Betty Ann “Rusty” Williams, left, in the alley where three pit bulls killed her. (Beth Clifton collage)
City should also ask why Calgary Animal Services continues history of promoting pit bull proliferation
CALGARY, Alberta, Canada––Scrambling for answers under intense media scrutiny, Alberta Health Services and Calgary Police Services on June 7, 2022 released preliminary findings from an investigation as to why Betty Ann “Rusty” Williams, 86, fatally injured by a neighbor’s three pit bulls, waited 30 minutes for an ambulance dispatched from only 10 blocks away.
Among those raising questions are the Health Sciences Association of Alberta and New Democratic Party health critic David Shepherd.
Among the conspicuously silent, so far, are Calgary Animal Services and everyone else involved in dismantling the once renowned “Calgary model” for doing animal control, replacing it with an entirely different approach that put pushing pit bulls ahead of public safety.
Calgary plays the pit bull name game
“Police say the 86-year-old woman,” two months from her 87th birthday, “was fatally attacked while tending to her garden at her Capitol Hill home around 2 p.m. after her neighbor’s dogs escaped their backyard,” summarized Michael Rodriguez for the Calgary Herald.

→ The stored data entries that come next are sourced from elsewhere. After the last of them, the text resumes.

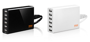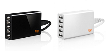 「700-AC011」は、スマートフォンやタブレット端末、USB充電機器を最大6台まで急速充電できるUSB充電器。すべてのポートが接続機器を自動的に検知し、最適な電流を送る出力自動判別機能「Smart USB System」を搭載する。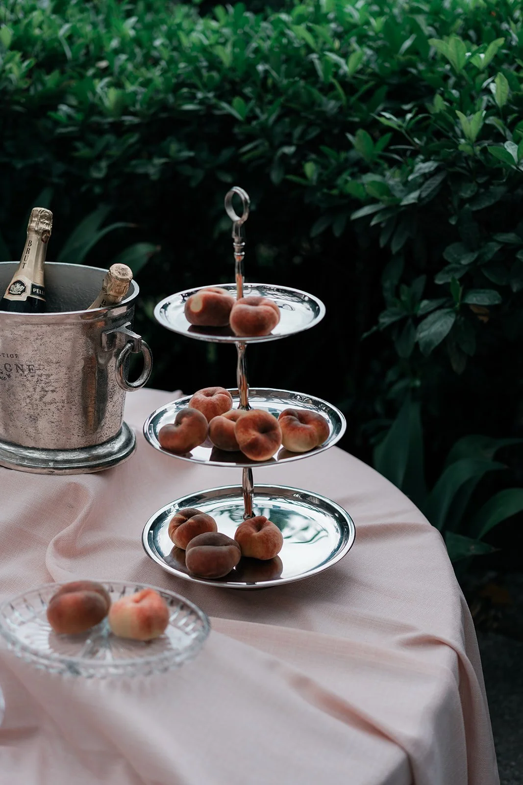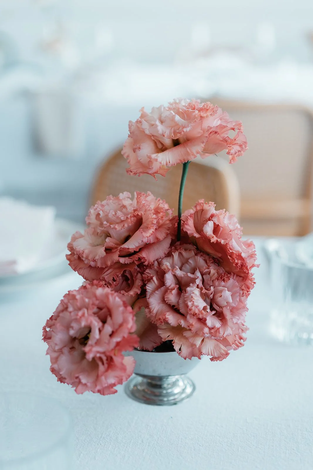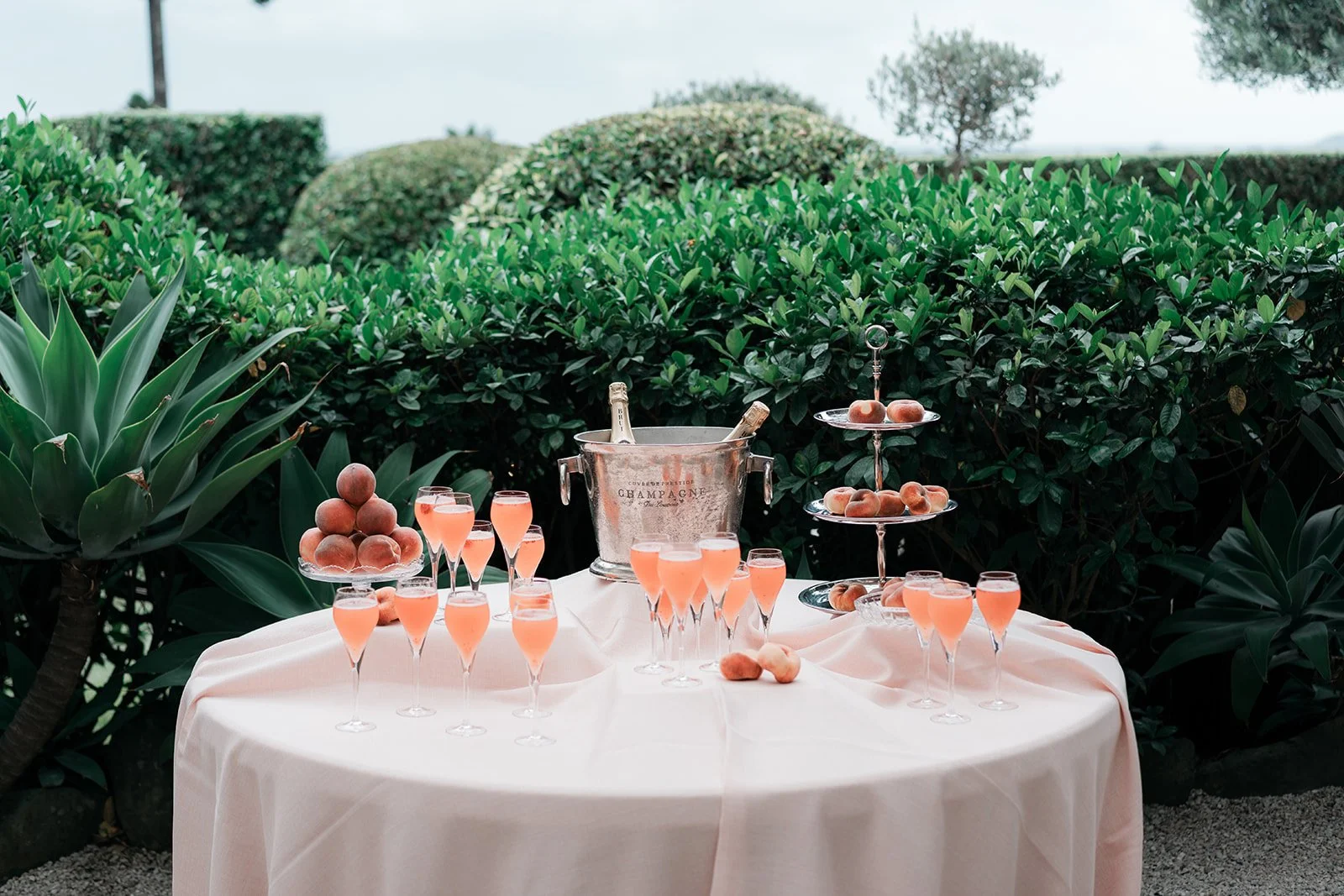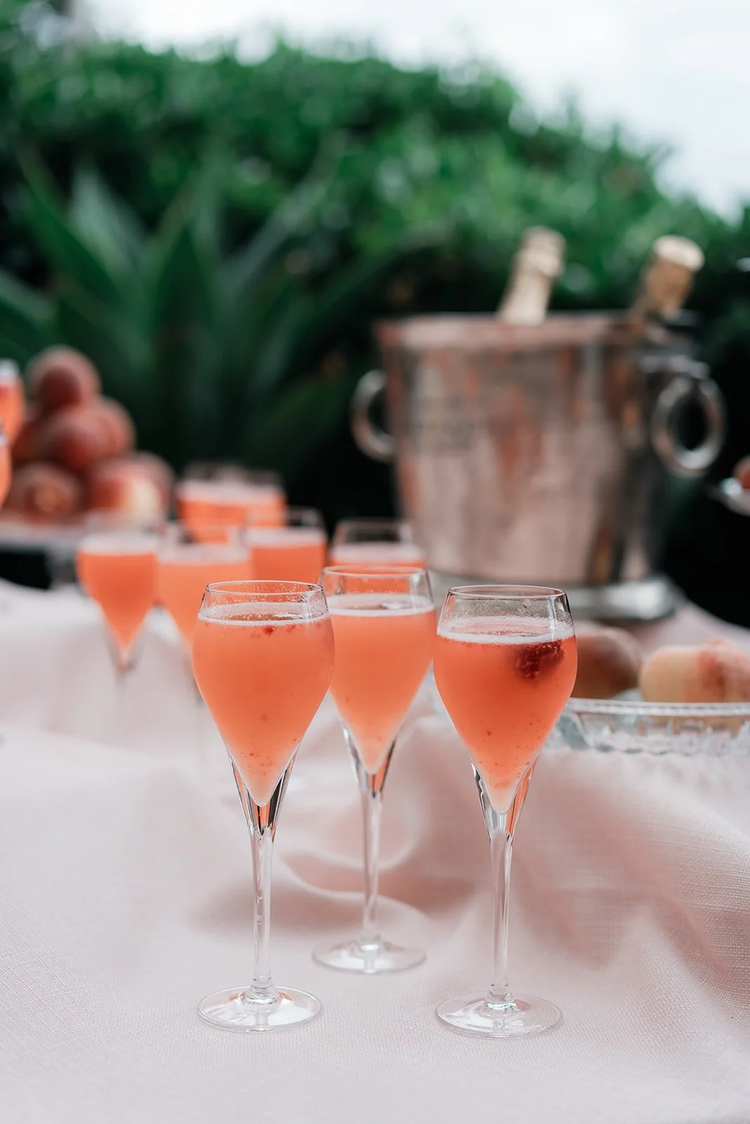 To bring this vision to life, we focused on intentional, tonal details that added depth to the airy venue. Deep burgundy taper candles and clusters of "toffee" and "blush" roses provided a sophisticated color pop against the crisp white tablescapes and ribbed glassware. We moved away from traditional floral vessels, instead using tiered silver fruit stands and crystal bowls filled with red grapes and peaches to create a "living still life" effect. These elements, combined with the warmth of woven rattan pendants and the romantic movement of the fabric-draped ceilings, resulted in a cohesive, multi-sensory experience that felt like a refined Mediterranean retreat.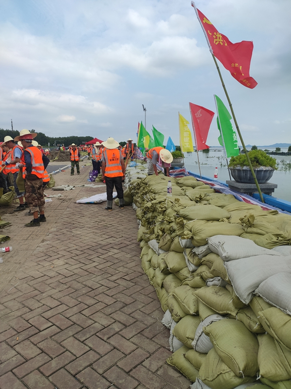 在連續(xù)奮戰(zhàn)三天后,合肥雨勢暫歇。然而未及休整,23日早7:30分,公司接到合肥市包河區(qū)相關(guān)單位緊急通知,前往環(huán)湖北路十五里河橋以東200米處搶險。公司立即組織行動,組織協(xié)調(diào)一分公司、三分公司、六分公司共計約120人,順利搶筑堤壩150米。
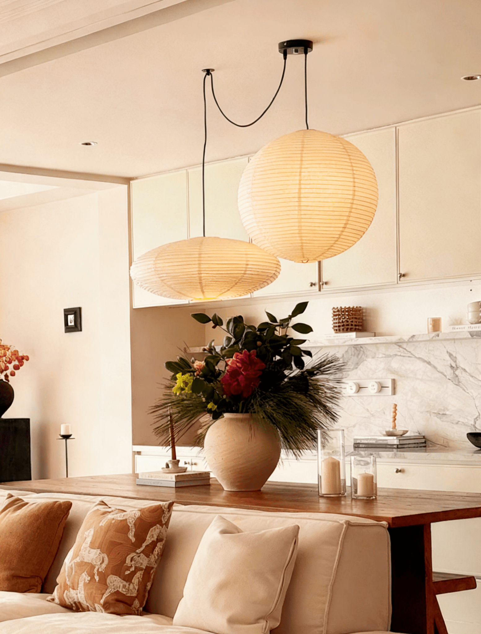 This pendant light set showcases two white, textured shades—one spherical, one oval—suspended by gracefully curving black wires. Emitting a gentle, diffused glow, it blends minimalist design with a whimsical, cloud - like charm, ideal for infusing spaces with a serene and artistic ambiance.

“The three dogs have since been seized by the city,” Rodriguez said, “and are believed to be a North American pit bull terrier mix, a North American Staffordshire mix, and an American pit bull.”
All three dogs are in truth pit bulls, plain and simple, “Staffordshire” being only the name used by Massachusetts dogfighter John P. Colby (1875-1941) to register his fighting dog line, and “mix” signifying only that pit bull breeders have been crossing and re-crossing fighting dog lines for long enough to blur DNA definitions.
Designating the three dogs as different breeds, in short, is pit bull advocacy bafflegab, of real world significance only in helping pit bull owners to evade breed bans.
(See U.K. Dangerous Dogs Act exempts the two breeds most likely to kill.)

Betty Ann (Rusty) Williams during her Canadian Armed Forces career.
“Call was triaged as non-life-threatening”
“As neighbors and bylaw officers tried to help,” Rodriguez continued, “Betty leaned against a garage door in her alley for about half an hour before an ambulance arrived. Her home on 21st Avenue N.W. is less than a 10-minute drive from Foothills Medical Centre, where she eventually died. Neighbors said they saw a couple of ambulances drive by to other calls as they waited alongside Betty.”
Explained Alberta Health Services to Global News reporter Jill Croteau, “The initial 911 call was received by City of Calgary 911 dispatch and was categorized for police response based on the information provided from the scene. Calgary Police Service communicated to Emergency Medical Services that they were responding.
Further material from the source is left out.